EEG data was analyzed offline using EEGLAB31. A Fourier transform was performed on the two electrodes (PO3 and PO4) using the EEGLAB function spectopo. We employed the Hamming window as the window function, with the window length equal to the sampling rate (5000 Hz) with no overlaps. The frequency resolution was set at 0.001 Hz for power calculatiton. The IAF was then extracted by detecting the maximum power value in the frequency spectrum range between 8 and 13 Hz.

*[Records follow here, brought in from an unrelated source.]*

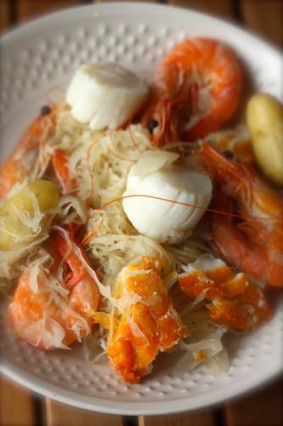 Un p’tit détour au rayon poissonnerie du supermarché hier soir avant d’aller faire mes 40 longueurs à la piscine (30 minutes chrono ! trop contente je m’améliore) j’avais tout ce qu’il me fallait pour faire une délicieuse choucroute que j’ai réalisé en revenant, grace à ma cocotte minute qui m’a permis de faire cuire ce plat en 40 minutes, le temps de prendre le relai avec mon chéri pour m’occuper de mon p’tit bonhomme, le faire manger, lui raconter une histoire et le coucher. Après mon marathon courses / piscine / baby après ma journée de boulot mon plat est cuit et il est temps pour moi de me poser et de déguster ce plat délicieux et léger, avant de prendre quelques minutes pour programmer ma recette sur mon blog.
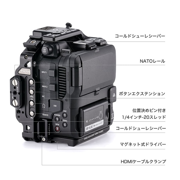 ・キヤノン EOS C80専用設計・多彩なマウントオプション: NATOレール、コールドシュー、1/4"-20 & 3/8"-16ネジ穴(位置決めポイント付き)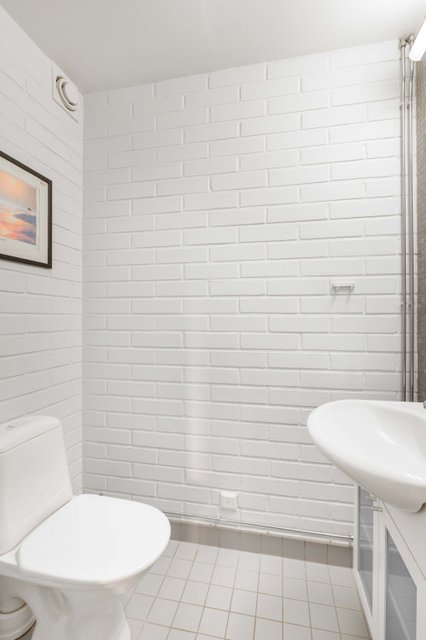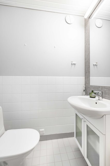 - Alakerran kph seinät: valkoinen ja harmaa laatta, Lattia: harmaa laatta Katto: paneeli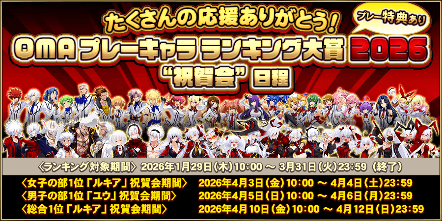 『QMAプレーキャラランキング大賞2026』開催期間中、各キャラクター1日ずつ『キャラ祭り』を開催!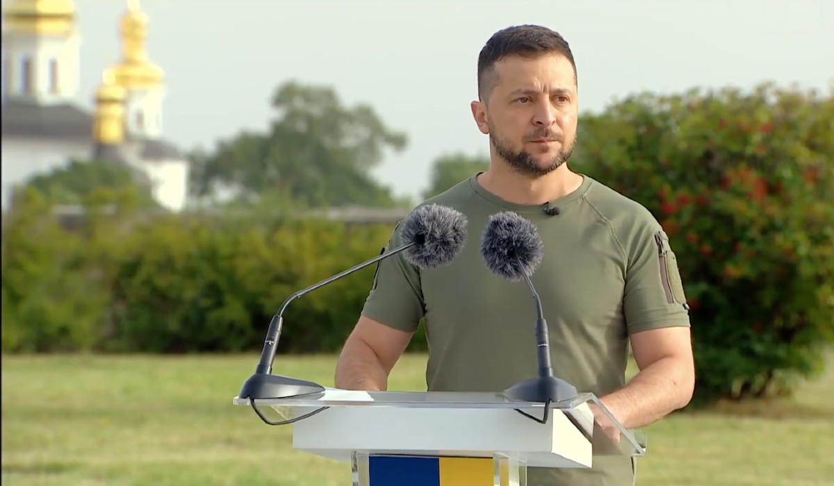 Volodimir Zelenszkij az ukrán nemzeti zászló napja alkalmából Kijevben tartott ünnepélyes zászlófelvonáson kijelentette, hogy az ukrán állam lobogója „örökre visszatér minden ideiglenesen megszállt területre”.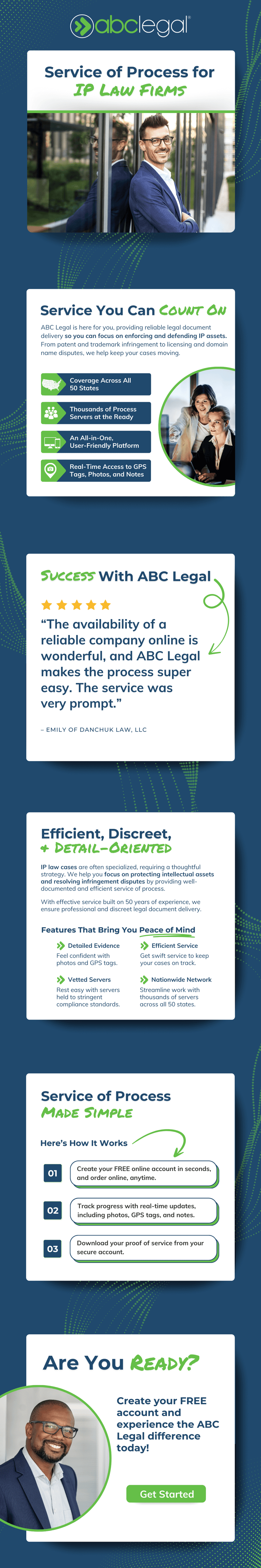 We've got your back for delivering infringement complaints, motions, subpoenas, counterclaims, notices of deposition, and more. Discover how ABC Legal supports IP law firmswith comprehensive features such as cost-efficient nationwide coverage, data-backed proof, and efficiency with every serve.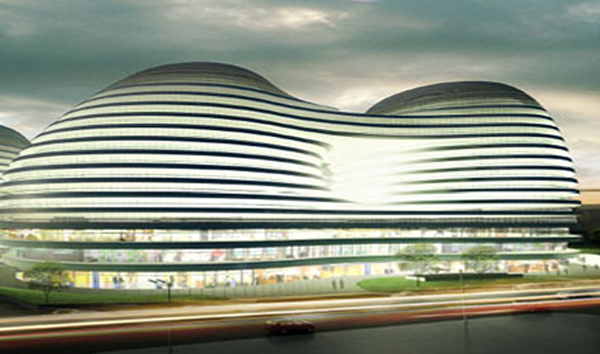 银河SOHO位于北京CBD中央商务区内。东至商务中心区50米中轴线绿化带;南侧为商务中心区三号路;西侧为东大桥东侧路;北侧紧邻朝阳路。建设用地面积19,975.06平方米,总建筑面积约为15万平方米,集商业,写字楼为一体,由两栋十一层的环状裙楼和一栋二十五层的主楼咬合组成。两栋环状裙楼之间用18米的露空通廊隔开,但在每层均有楼梯、扶梯和连廊在水平、垂直方向连接,形成一个有机的整体。商业部分面积约为6.45万平方米,写字楼面积约为5.67万平方米。商业范围为B1-5层。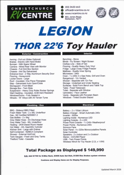 - Christchurch RV Centre is the only factory accredited Legion dealer in New Zealand.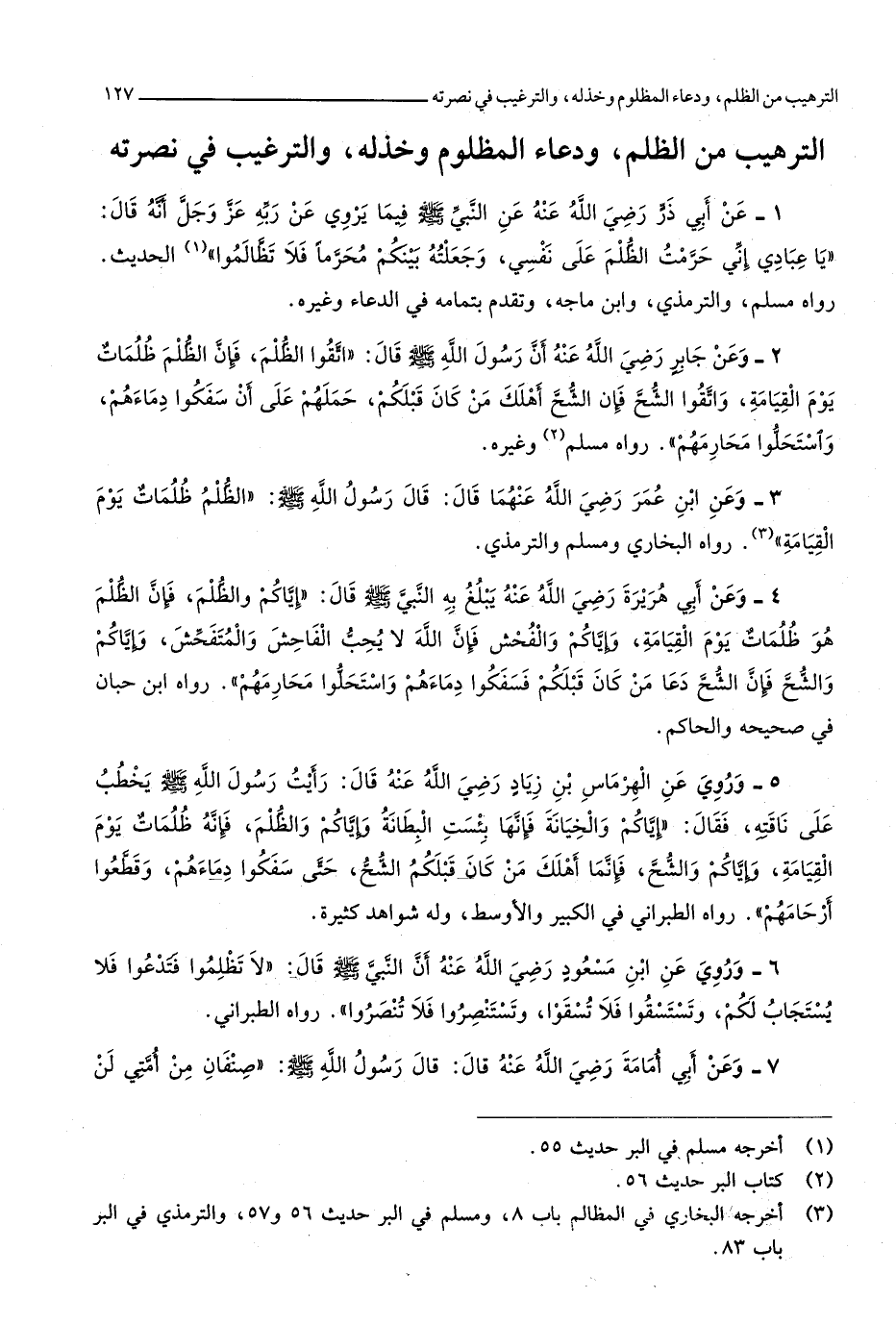 التَّرْهِيب من الظُّلم وَدُعَاء الْمَظْلُوم وخذله وَالتَّرْغِيب فِي نصرته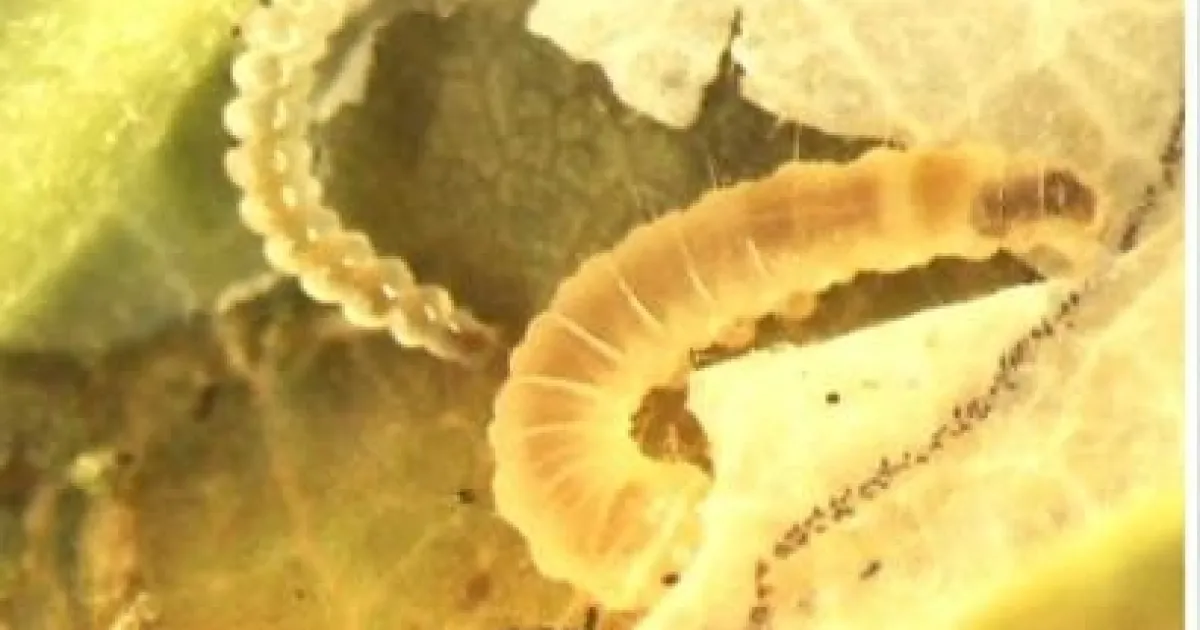 Larval leafroller with the parasite on it.
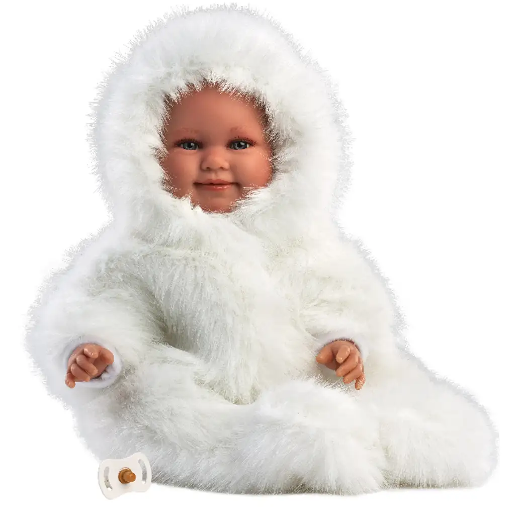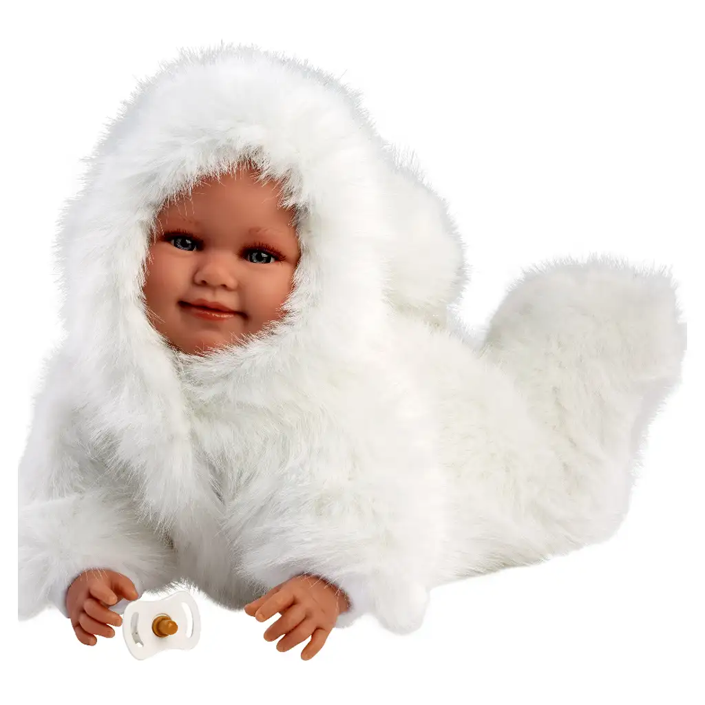 Evaluare Llorens: Luka, păpușă zâmbitoare de 45 cm cu suzetă, în haină de catifea albă

ECG data were subjected to a bandpass filter between 3 and 45 Hz (default setting) to detect R-peaks using the Python toolbox, BioSPPy32. Then, we used the Python toolbox pyHRV33 to calculate RR-intervals (i.e., the interval between two R-peaks)33. The IBI is defined as the mean of RR-intervals, and its coefficient of variation (CV) is computed by dividing the standard deviation of RR-intervals by the IBI.

Finger tapping task

In the finger-tapping tasks, participants were instructed to tap the spacebar of a laptop as regularly as possible at their preferred pace, using the index finger of their dominant hand. To avoid influencing the participants’ preferred tempo, the experimenter did not provide any example tapping demonstrations, instead relying solely on verbal instructions. The beginning and end of a tapping session were marked by a white cross displayed at the center of the computer screen. Participants began tapping when the cross first appeared and continued until the cross disappeared after 45 taps. The participants were not informed of the number of taps. The participants performed the tapping session twice.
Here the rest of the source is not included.